• DATA RECORDS

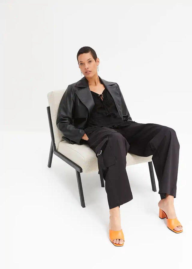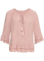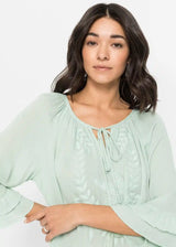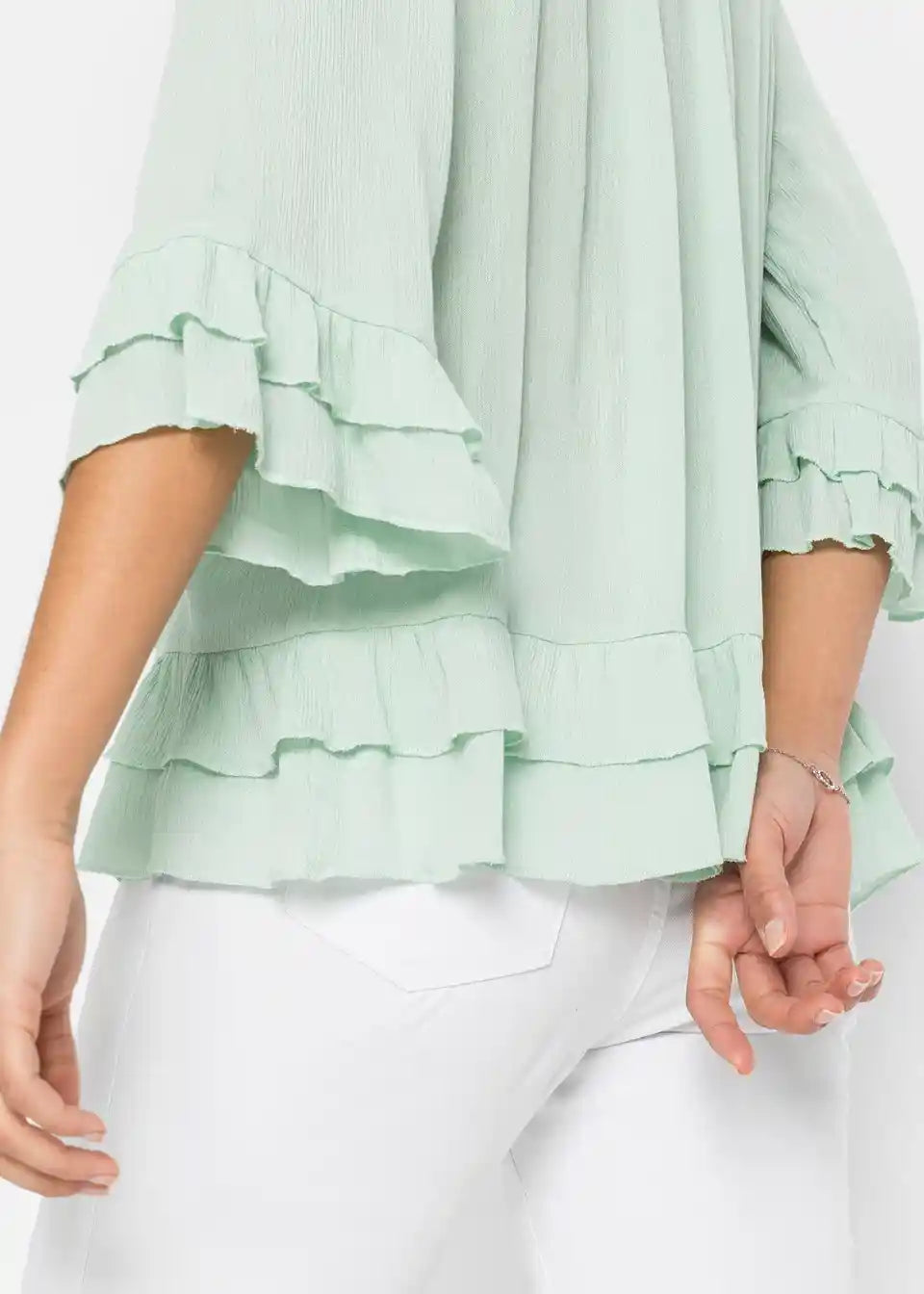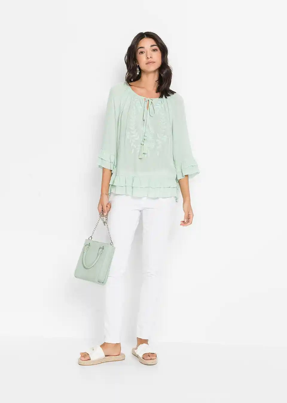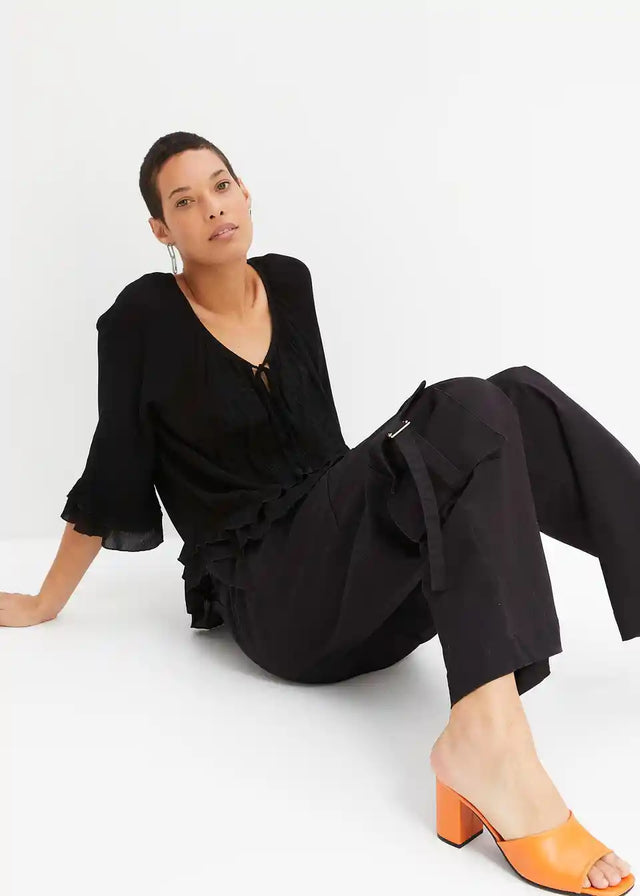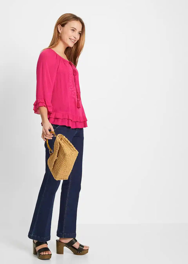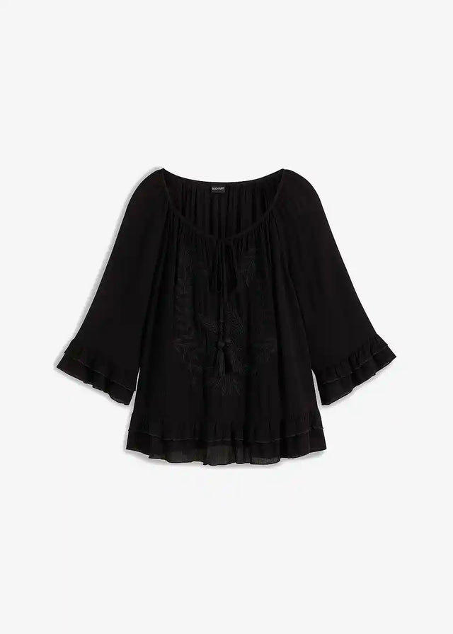 Ova bluzica s ton-sur-ton vezom brenda BODYFLIRT osvaja svojim nježnim šarmom. Lijepi nabori krase široki okrugli izrez, ispod kojeg se nalazi mali izrez. Duge vezice s resicama pružaju ležeran naglasak. Dvostruki volani ističu rub rukava i porub. Ležerna silueta savršeno zaokružuje ovu bluzu s vezom.
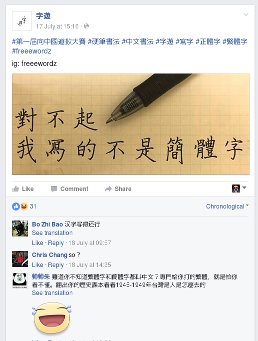 Moje ulubione przeprosiny (na zdjęciu powyżej) pochodzą od użytkownika 字遊 (zi you), co oznacza „podróżujący hieroglif”, ale jest też homofonem dla słowa „wolność” (自由). #freewordz przeprasza, że nie zna uproszczonych znaków, jakimi się posługuje kontynent.
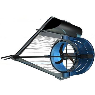 This turbine is designed for rivers, featuring a reinforced debris protection and a patented anchoring system. The anchoring can be done at the bottom of the river, at a bridge support, or at a block on the side of a river.
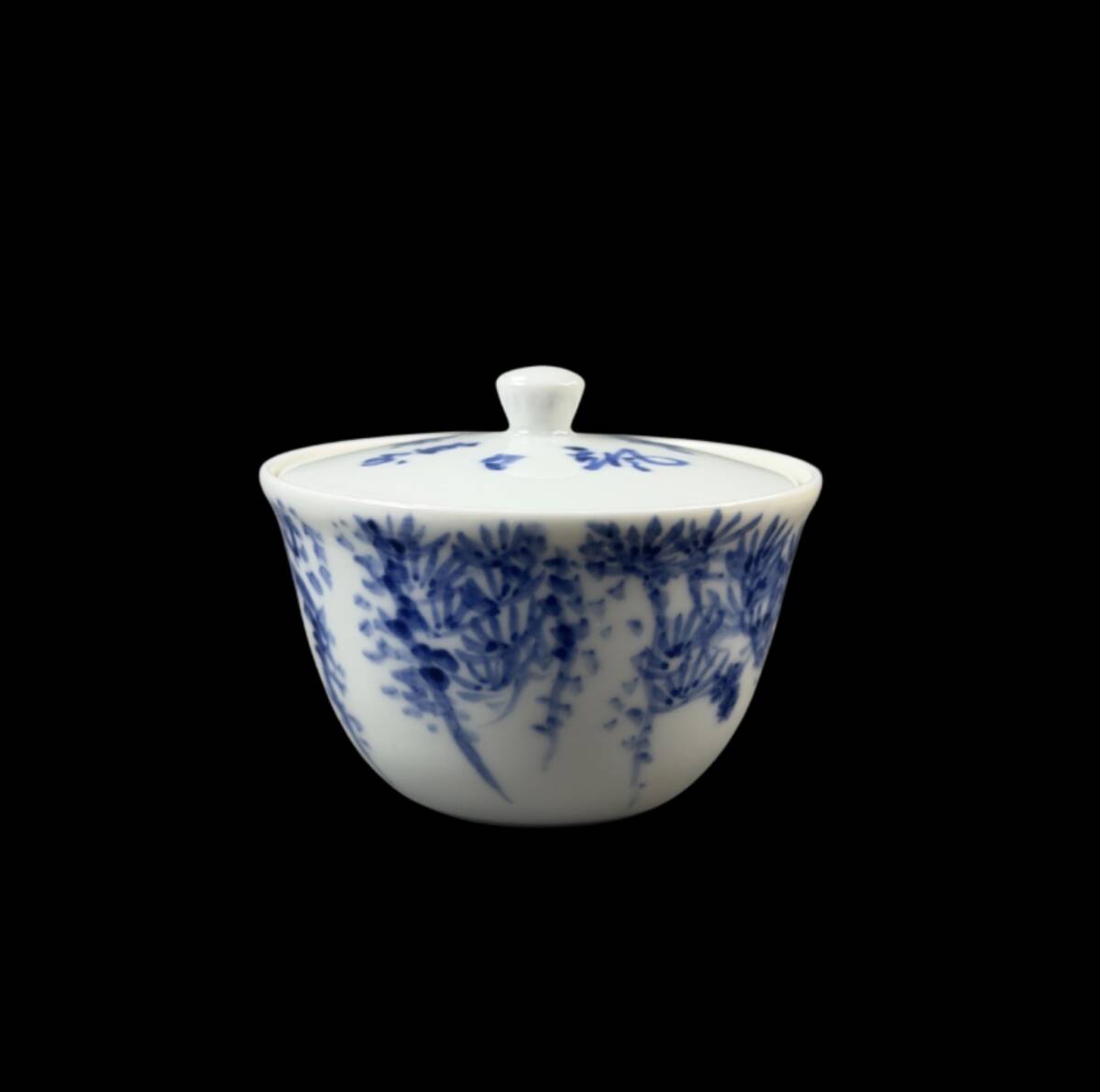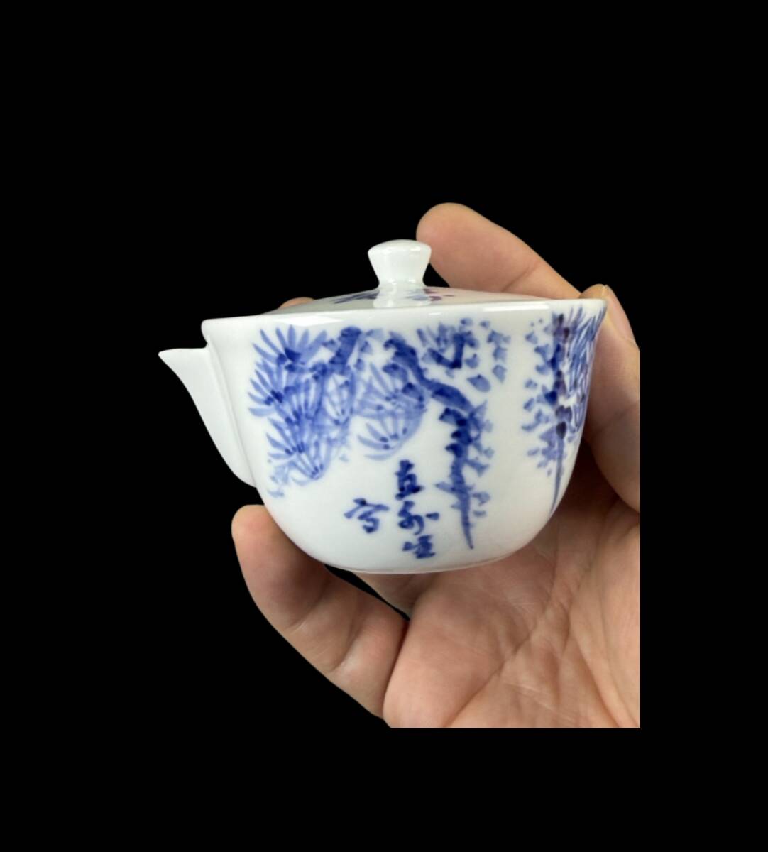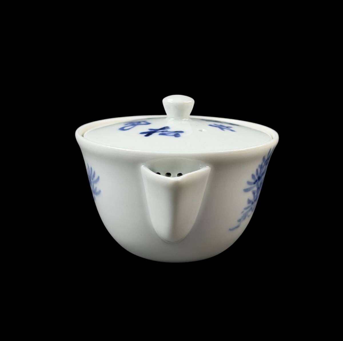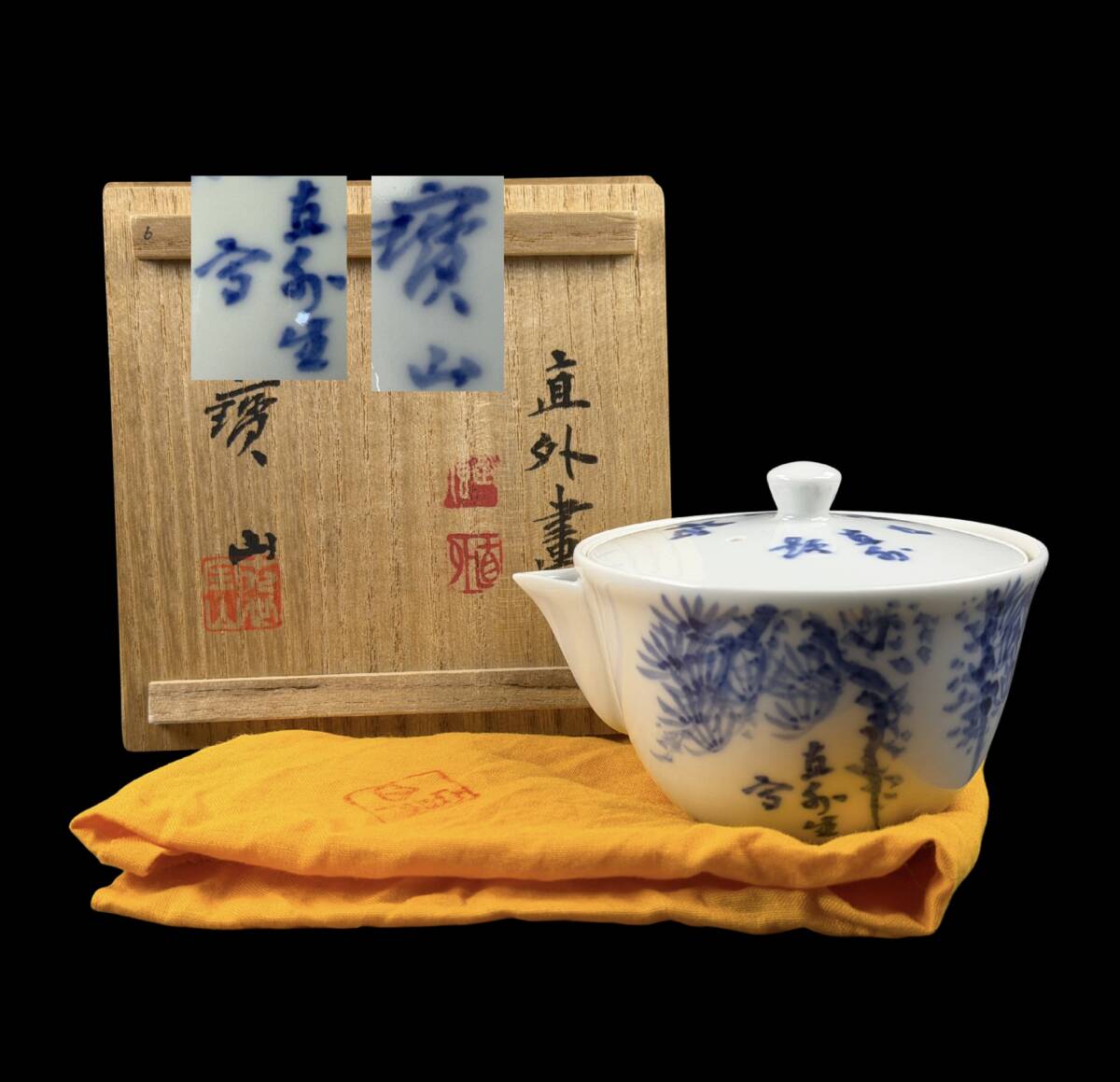 【偲】雲林院宝山 昌平寶山 造 泡瓶 宝瓶 直外翁御染筆 松図 染付 茶器揃 急須 共箱 共布 在銘 高さ約6.5㌢ m-53
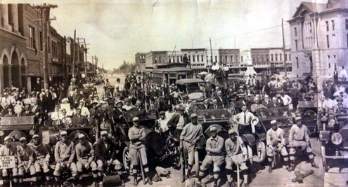 This photo, taken April 15, 1913, shows John W. Russell's electric trolley cars in the middle of the crowd. (Photo courtesy of Fannin County Historical Museum.)

• WHAT TO WORK ON
Could the lines from the top of the material through the line with "Moje ulubione przeprosiny" be repeated exactly, pictures left out?

• EXERCISE SOLUTION
 Ova bluzica s ton-sur-ton vezom brenda BODYFLIRT osvaja svojim nježnim šarmom. Lijepi nabori krase široki okrugli izrez, ispod kojeg se nalazi mali izrez. Duge vezice s resicama pružaju ležeran naglasak. Dvostruki volani ističu rub rukava i porub. Ležerna silueta savršeno zaokružuje ovu bluzu s vezom.
 Moje ulubione przeprosiny (na zdjęciu powyżej) pochodzą od użytkownika 字遊 (zi you), co oznacza „podróżujący hieroglif”, ale jest też homofonem dla słowa „wolność” (自由). #freewordz przeprasza, że nie zna uproszczonych znaków, jakimi się posługuje kontynent.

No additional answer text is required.